**Task to carry out:** The whole listing is to be written out again exactly; the pictures are not.

**Supplied data:**
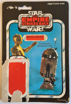 The Palitoy factory ran out of Palitoy 45B cards for some of it's figures and used German General Mills cards instead. The card has a Palitoy sticker covering the entire bottom half of the reverse of the card to cover up the German writing. This sticker has the same text as on the back of the bottom half of the Palitoy 45C variation. This sticker has only been seen on R2-D2 (With Sensorscope) and is known as 45BA on the Palitoy matrix.
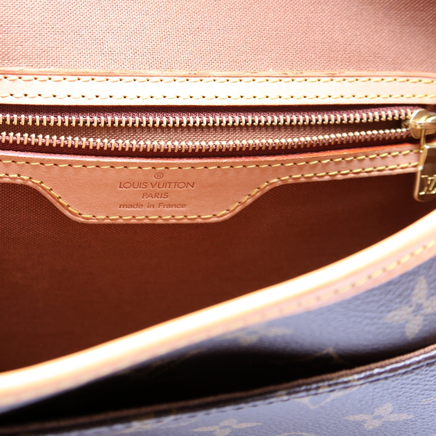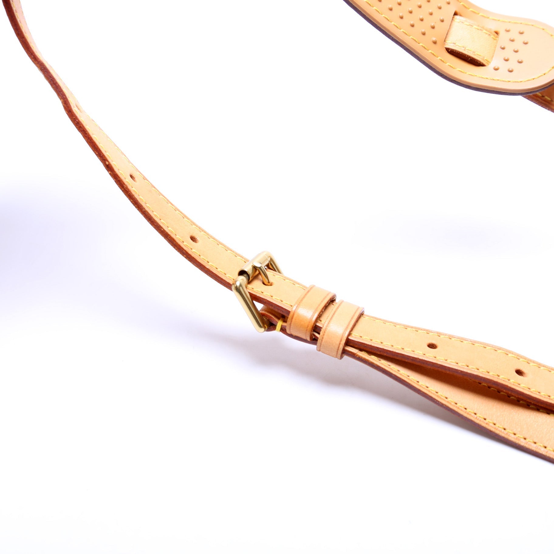 Exterior: The exterior Monogram coated canvas is free of any rips or cracks. The Vechetta leather shows minor discoloration throughout. The exterior features one open pocket.
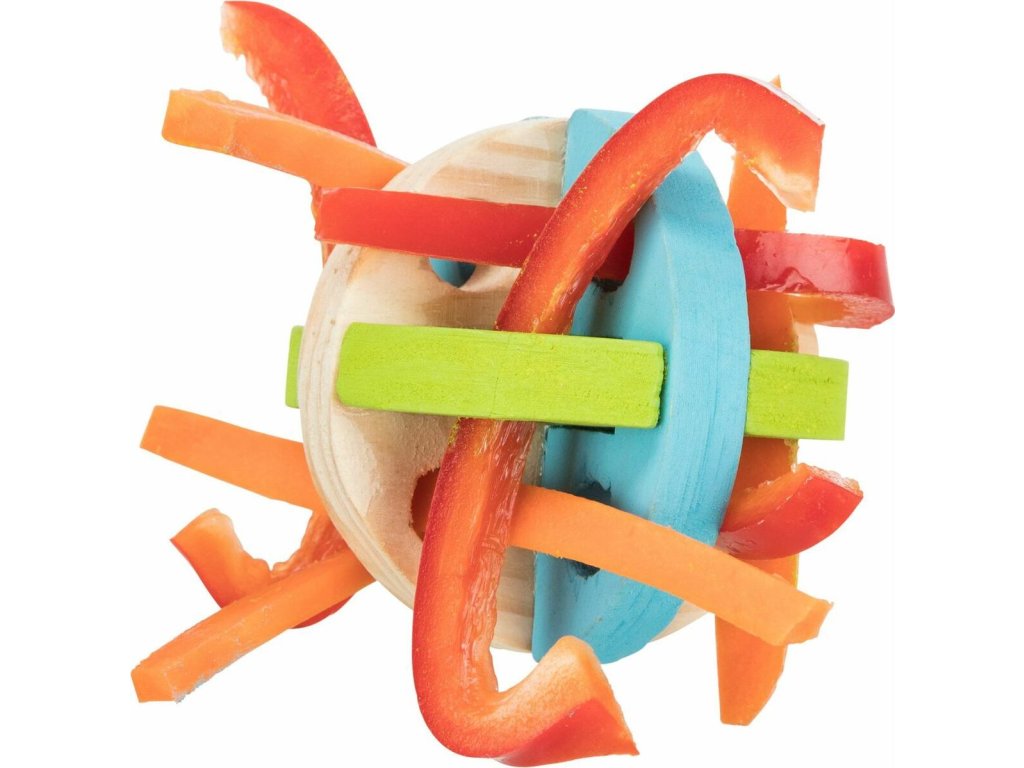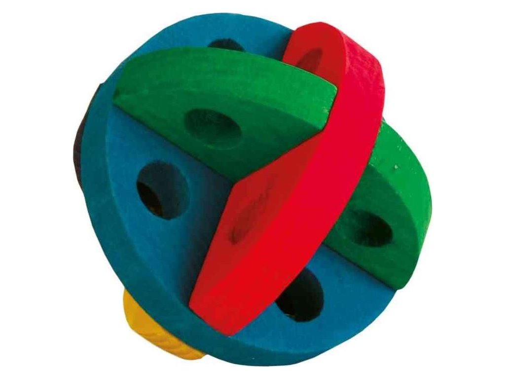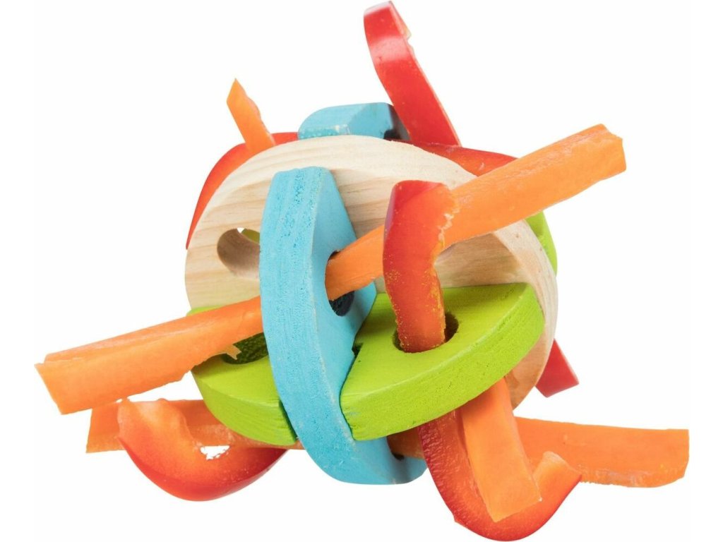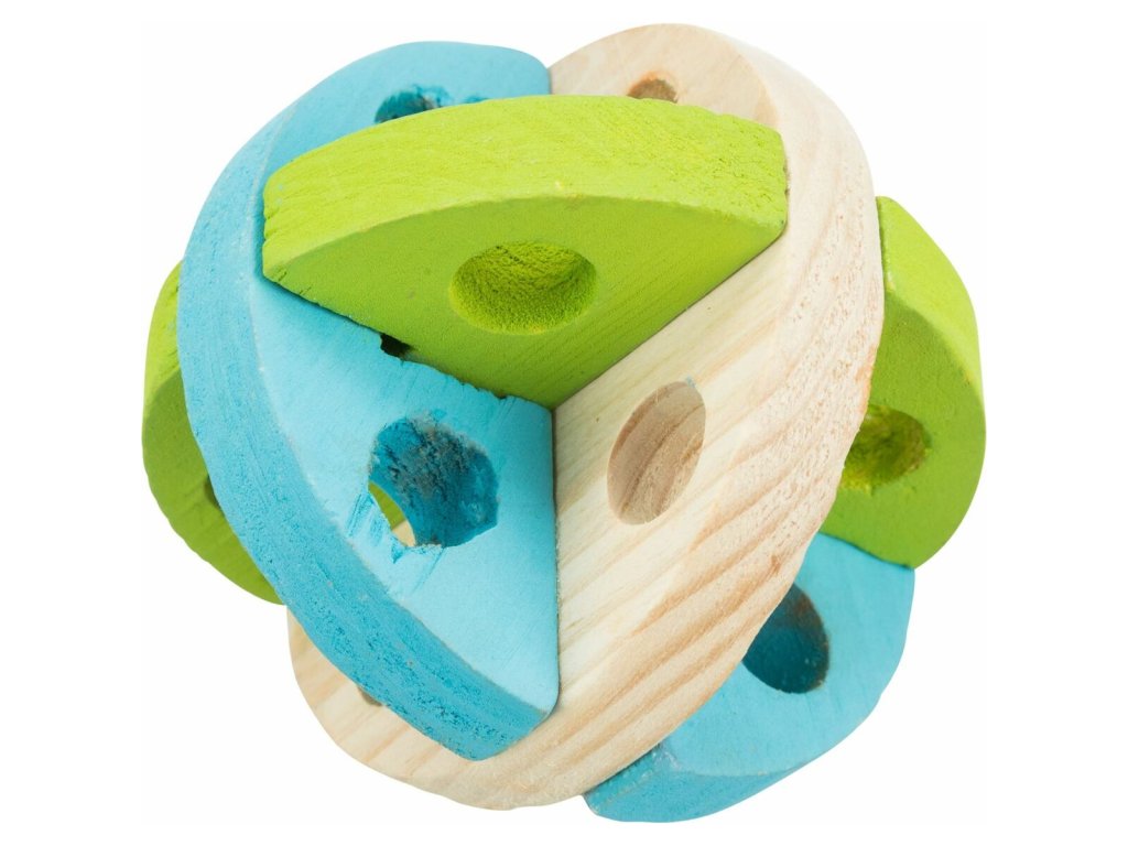 Dřevěný barevný míček na hraní a pamlsky 8 cm

**Task answer:**
 The Palitoy factory ran out of Palitoy 45B cards for some of it's figures and used German General Mills cards instead. The card has a Palitoy sticker covering the entire bottom half of the reverse of the card to cover up the German writing. This sticker has the same text as on the back of the bottom half of the Palitoy 45C variation. This sticker has only been seen on R2-D2 (With Sensorscope) and is known as 45BA on the Palitoy matrix.
 Exterior: The exterior Monogram coated canvas is free of any rips or cracks. The Vechetta leather shows minor discoloration throughout. The exterior features one open pocket.
 Dřevěný barevný míček na hraní a pamlsky 8 cm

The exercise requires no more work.